- **DATA FOR PROCESSING**:

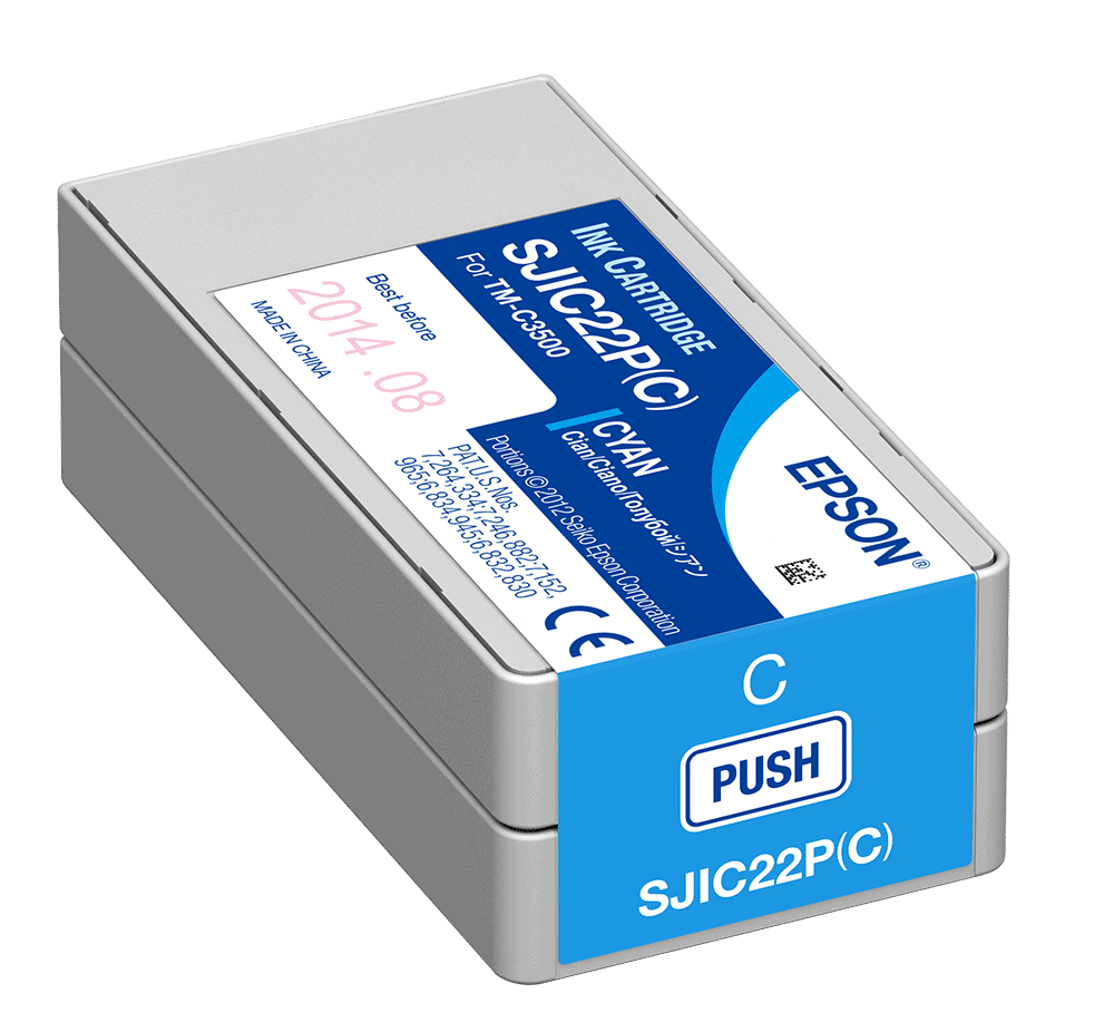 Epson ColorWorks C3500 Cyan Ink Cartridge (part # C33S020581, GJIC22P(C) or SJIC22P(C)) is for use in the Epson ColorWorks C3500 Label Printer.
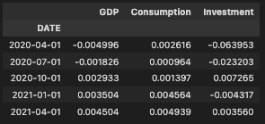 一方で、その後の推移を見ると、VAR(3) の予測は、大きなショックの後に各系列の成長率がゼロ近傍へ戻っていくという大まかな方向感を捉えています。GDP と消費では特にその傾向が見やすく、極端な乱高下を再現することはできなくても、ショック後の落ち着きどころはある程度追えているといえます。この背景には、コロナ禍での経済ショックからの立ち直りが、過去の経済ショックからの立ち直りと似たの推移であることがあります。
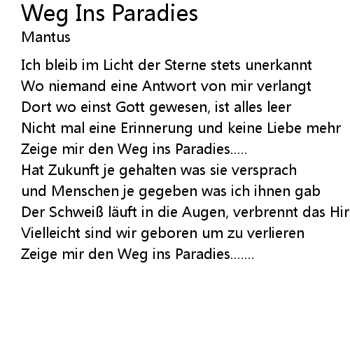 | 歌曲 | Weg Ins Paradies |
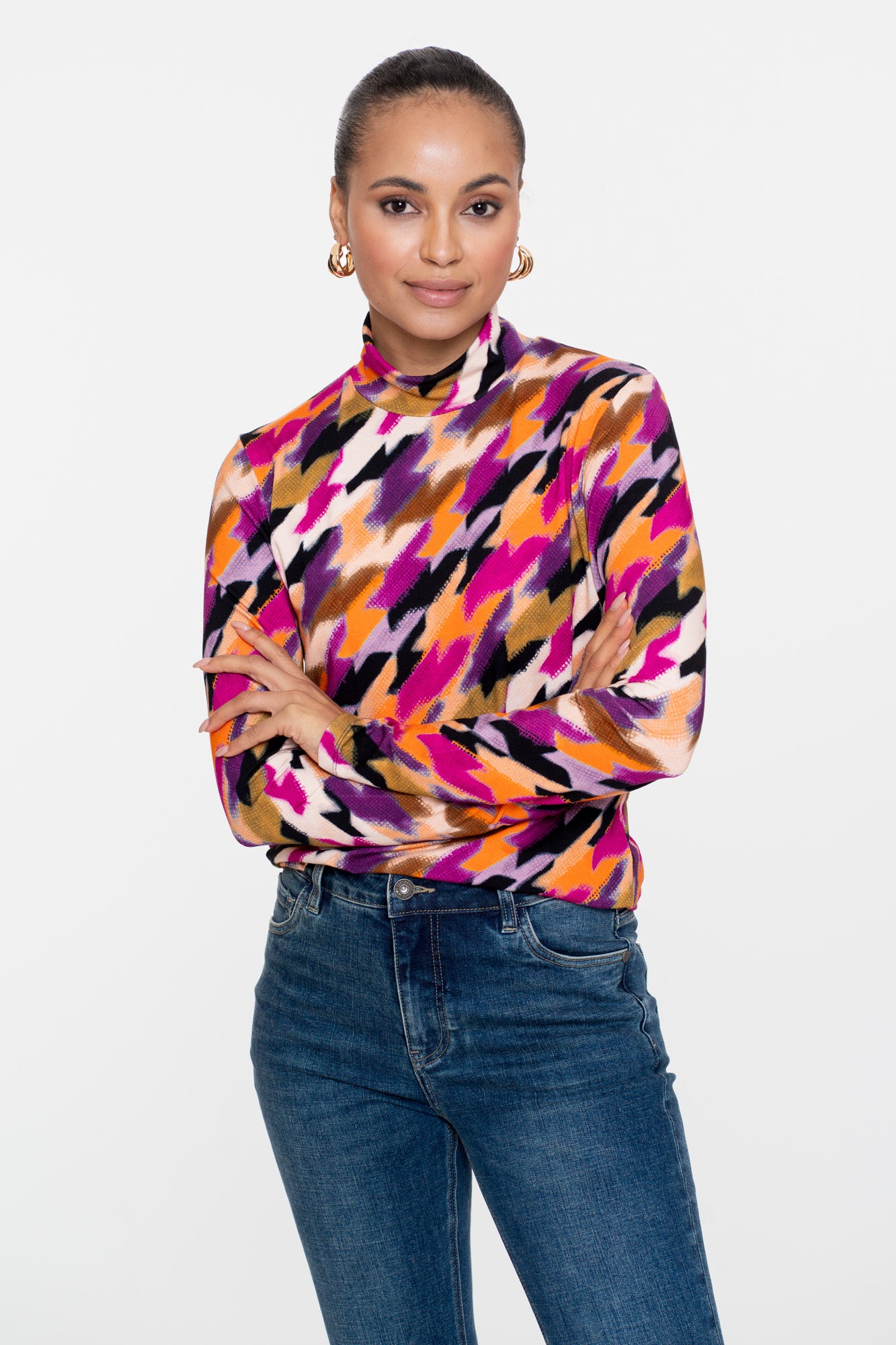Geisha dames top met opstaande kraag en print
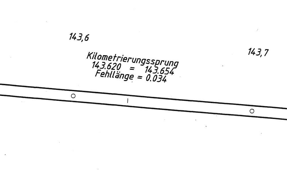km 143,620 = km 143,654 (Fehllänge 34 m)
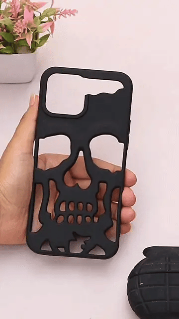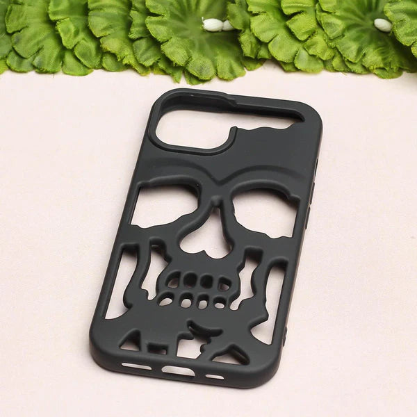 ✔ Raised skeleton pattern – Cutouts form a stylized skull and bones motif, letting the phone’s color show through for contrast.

- **PROBLEM**:
The result should be an exact copy of every entry above, with no pictures included.

- **SOLUTION**:
 Epson ColorWorks C3500 Cyan Ink Cartridge (part # C33S020581, GJIC22P(C) or SJIC22P(C)) is for use in the Epson ColorWorks C3500 Label Printer.
 一方で、その後の推移を見ると、VAR(3) の予測は、大きなショックの後に各系列の成長率がゼロ近傍へ戻っていくという大まかな方向感を捉えています。GDP と消費では特にその傾向が見やすく、極端な乱高下を再現することはできなくても、ショック後の落ち着きどころはある程度追えているといえます。この背景には、コロナ禍での経済ショックからの立ち直りが、過去の経済ショックからの立ち直りと似たの推移であることがあります。
 | 歌曲 | Weg Ins Paradies |
Geisha dames top met opstaande kraag en print
km 143,620 = km 143,654 (Fehllänge 34 m)
 ✔ Raised skeleton pattern – Cutouts form a stylized skull and bones motif, letting the phone’s color show through for contrast.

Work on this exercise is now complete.